K15t used the following statuses for their realm migration offering:
- "Scheduled": set when the migration is scheduled by the customer (if it is not rejected).
- "Copying": set when the migration window has begun and the worker instance is copying over data to the requested region.
- "Ready-to-commit": This lets the service know that the data is all copied to the new region and the migration is ready to be committed. This status is used by the /commit hook.
- "Failed": This lets the service know that the migration has failed, and triggers the /rollback hook.
Some of these statuses you can set yourself, but "ready-to-commit" and "failed" are important to remember and use, as they trigger other hooks in the migration service, which we'll cover below.
Once your migration's status is marked as "ready to commit" you'll receive a /commit hook, which will give you the same information as the start and schedule hooks. K15t uses this information to verify again that the data was migrated to the correct realm and nothing has changed.
If nothing looks wrong here, they then set the status to "committing," and start another "worker instance" to delete the data from the old region, where it is no longer needed.
Once the data is deleted, the status is changed to "committed" and the migration is complete!

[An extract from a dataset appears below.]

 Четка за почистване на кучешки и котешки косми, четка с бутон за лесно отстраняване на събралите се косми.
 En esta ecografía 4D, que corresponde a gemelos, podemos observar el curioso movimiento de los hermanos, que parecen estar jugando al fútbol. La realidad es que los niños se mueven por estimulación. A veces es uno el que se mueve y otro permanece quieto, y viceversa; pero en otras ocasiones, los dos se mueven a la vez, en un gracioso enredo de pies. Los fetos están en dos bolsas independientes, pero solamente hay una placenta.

In the event that something goes wrong, K15t sets the migration status to "failed" which triggers the /rollback hook. They then set the migration status to "rolling back."

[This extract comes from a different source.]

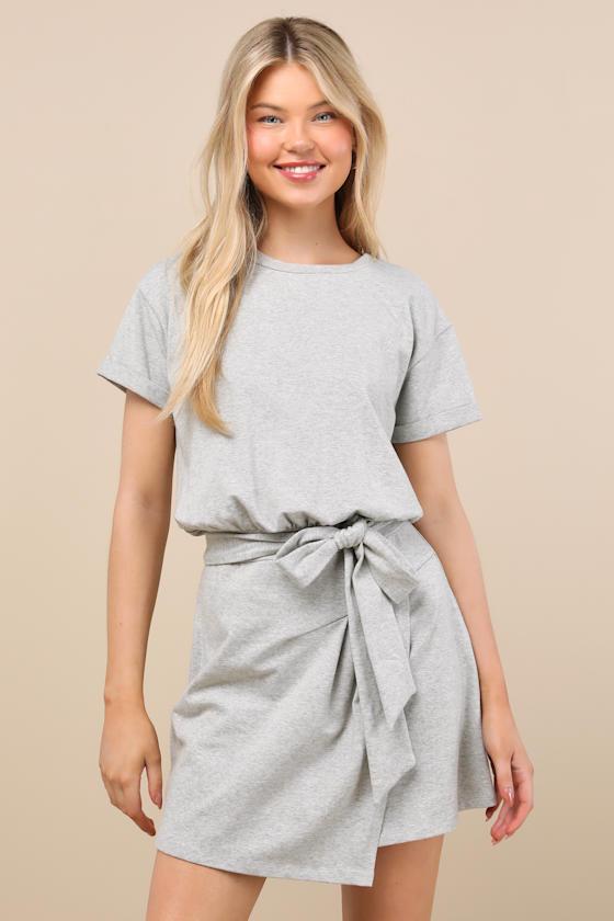 Comfortable doesn't have to mean casual, and this heathered jersey knit dress is the perfect example that comfy styling can definitely be cute. The relaxed-fit bodice features short sleeves and a crew neckline, all atop a faux-wrap skirt with a pleated overlapping panel, long sashes that tie at the side, and a flirty mini hem.

They then start a new worker instance which checks to see if all the data was copied over to the new region yet. If the copy job was not yet started, there's no need to do anything here and the migration is cancelled.

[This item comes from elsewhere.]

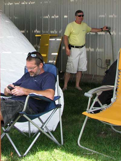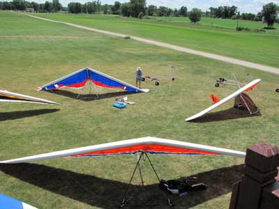 The Skydog Report July 5 & 6, 2012 Wednesday around 3 pm Rick Hines met us a Patrick's home and we loaded up for a two day trip to Cloud 9 and this would be Rick's first time at Cloud 9. We arrived around 7 pm and set up tents and got ready for a good two days of flying. Thursday's forecast was promising and we got our gliders out to the South end of the field around 1:30 but as we waited for the tug the wind picked up and a gust front along with a storm moved in very quickly so we towed the gliders back to the hanger and gave up on Thursday. Friday's forecast looked real good and Mark Bolt drove in around 9 am and set up an old glider that he had been keeping for a few years called a TRX. It looked like an antique. Rick Hines had to get back to work Friday evening so he has to leave by noon and did not fly but will come back next Tuesday weather permitting. Patrick Mark and myself took tows at about 1:30 but I only lasted for 20 minutes and we were all down quickly. The three of us took second tows at 3:30 and this time we all stuck and Mark and I stuck together for over an hour getting up to 4,975 feet. Mark then streaked off to the north and I lost track of him for a while but later saw him and Lisa who had launched last over to the north west so I chased them and caught up to them and thermalled with Lisa for a half hour at about 4 grand. It is always fun flying with Lisa who is another great pilot and she teaches me a lot about where to go and finding the lift. Patrick had a great one hour flight and got up to 4,300 feet making two great landings today. Around 5 pm there was a hard sink cycle and the others all landed but I found a bubble at 1,300 feet and took it back up to 3,800 feet and noticed that Floyd Cadwell and then Chris Bratsis were being towed up and Floyd joined me for a few minutes and then I made a mistake and finally lost the lift and landed after a 2 hour and 10 minute flight. Floyd and Chris both had a over one hour flights in the 95 degree heat. This finished off our two day trip with a great feeling of joy. My 2012 Airtime is 78 hours and 39 minutes as of July 6, 2012 |

If the copy job was already started, the worker waits until it's done, and then undoes its work in the target region.
Testing & launch!
K15t worked directly with the Atlassian Developer Support team to test and debug their realm migration solution, running manual migrations without having to shut down their Confluence instance to test.
Once they were confident it worked, they emailed the Solution Partners they collaborate with most closely so they knew that K15t's Exporter apps could support customers with data residency needs, and customers who were waiting to move to cloud until key apps supported data residency.
Since launching, K15t has already seen customers using the realm migration feature!